SOUTH AFRICA – Brait Plc, the owner of consumer goods company Premier Group, has opted not to list the food manufacturer on the main board of the JSE, citing an unconducive capital markets environment as its main reason.

The investment holding company, which owns 97% of Premier, whose brands include Iwisa maize, Snowflake flour and Mr Sweet, announced plans for a potential listing in November, which was to occur on Thursday, 8 December 2022.

“Premier received a significant amount of investor interest and support for the business.
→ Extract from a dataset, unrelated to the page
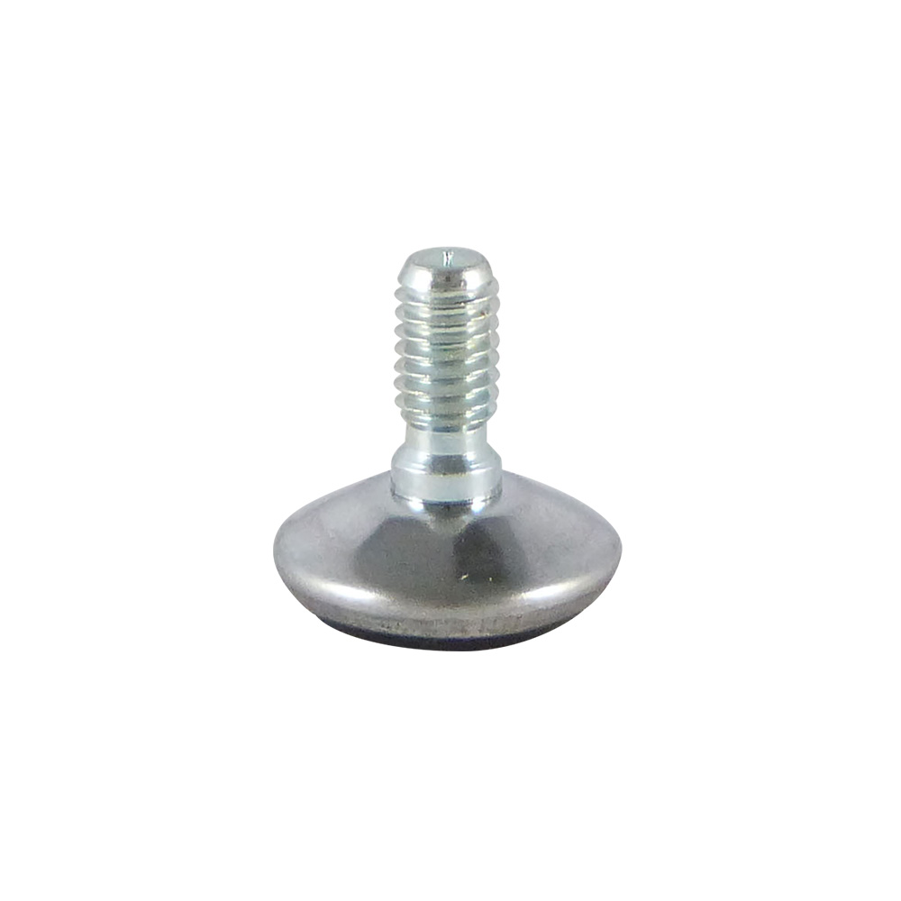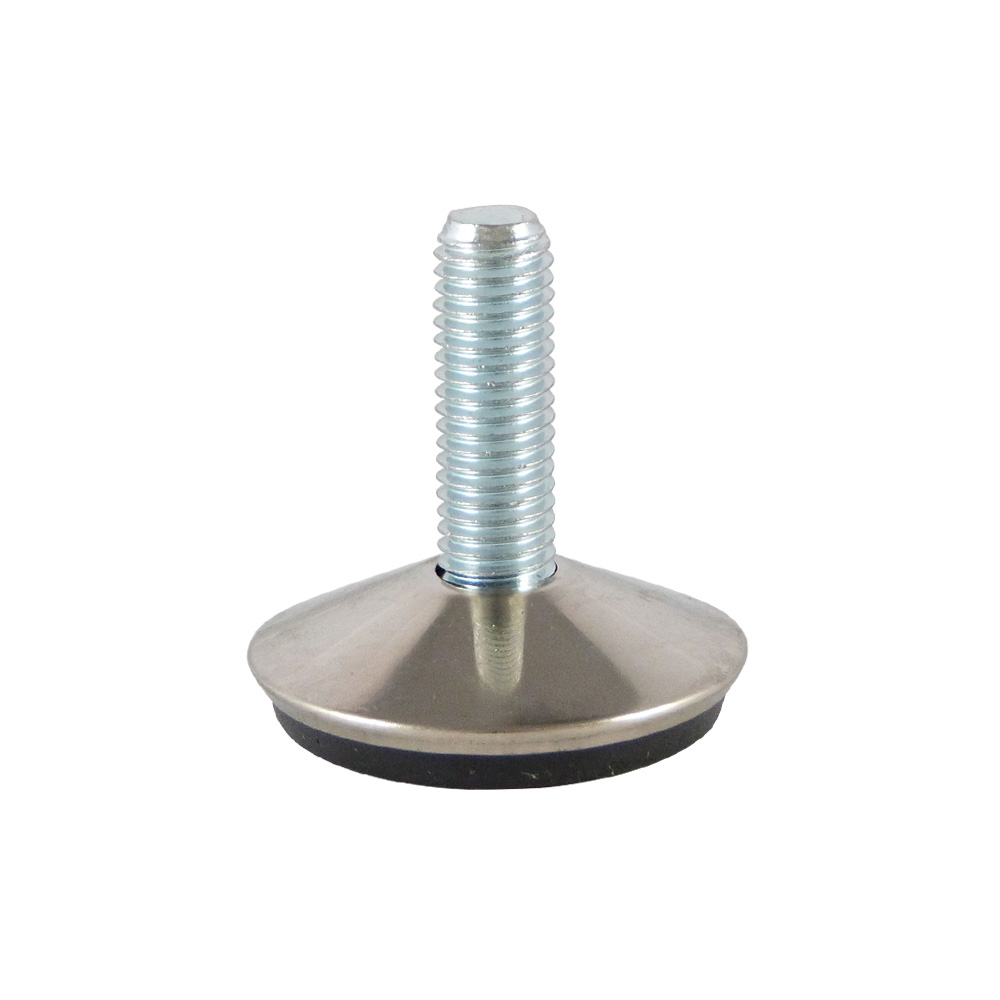 - Stelvoeten met verchroomde of vernikkelde kap en vaste conische voet zijn leverbaar met draadspindels van M6 tot en met M12 met draadlengtes van 13mm tot en met 30mm

However, the South African capital markets (in particular over the last 48 hours) have not been conducive to supporting a successful Initial Public Offering.

“Therefore, the Premier board and shareholders have resolved not to proceed with the offer at this time,” Brait said in a statement.

Under the initial plan, Brait was eyeing to raise gross proceeds of up to ZAR3.7 billion (US$215m).

This, together with its share of a November 2022 distribution of R950 million (US$55.2m), was expected to see Brait receiving gross proceeds of up to R4.7 billion (US$273m) upon the successful listing of Premier.

The capital raised from the unbundling was anticipated to assist in addressing Brait’s future liquidity requirements.

The investment company has however noted that with the change of plans, it will instead go the route of selling off its unlisted ordinary shares in Premier to Titan Premier Investments Proprietary Limited and Rand Merchant Bank (RMB).

It revealed the private sale will raise approximately R3.5 billion (US$199.5m) for the company, subject to the terms and conditions including approval from the competition authorities, if applicable in the share purchase agreement entered between the parties.

“The Premier Board, management and shareholders remain excited about the opportunity to execute Premier’s growth strategy under private ownership,” the group added.

In June, giant Coca-Cola Beverages Africa indicated it was delaying its plans to list on the local bourse, saying a rescheduled listing would depend on improved market conditions.

The Coca-Cola company highlighted it will continue to evaluate the macroeconomic conditions in a bid to decide future timing for an IPO in 2023.

The decision to delay the listing comes at a time of falling global equity investor sentiment as market volatility fuelled by the war in Ukraine, Covid-19 lockdowns in China, rising interest rates, a darkening economic growth outlook and roaring inflation, all weigh on risk appetite.

The planned IPO by Coca-Cola was first revealed in April 2021, with the shares to be listed in Amsterdam and Johannesburg.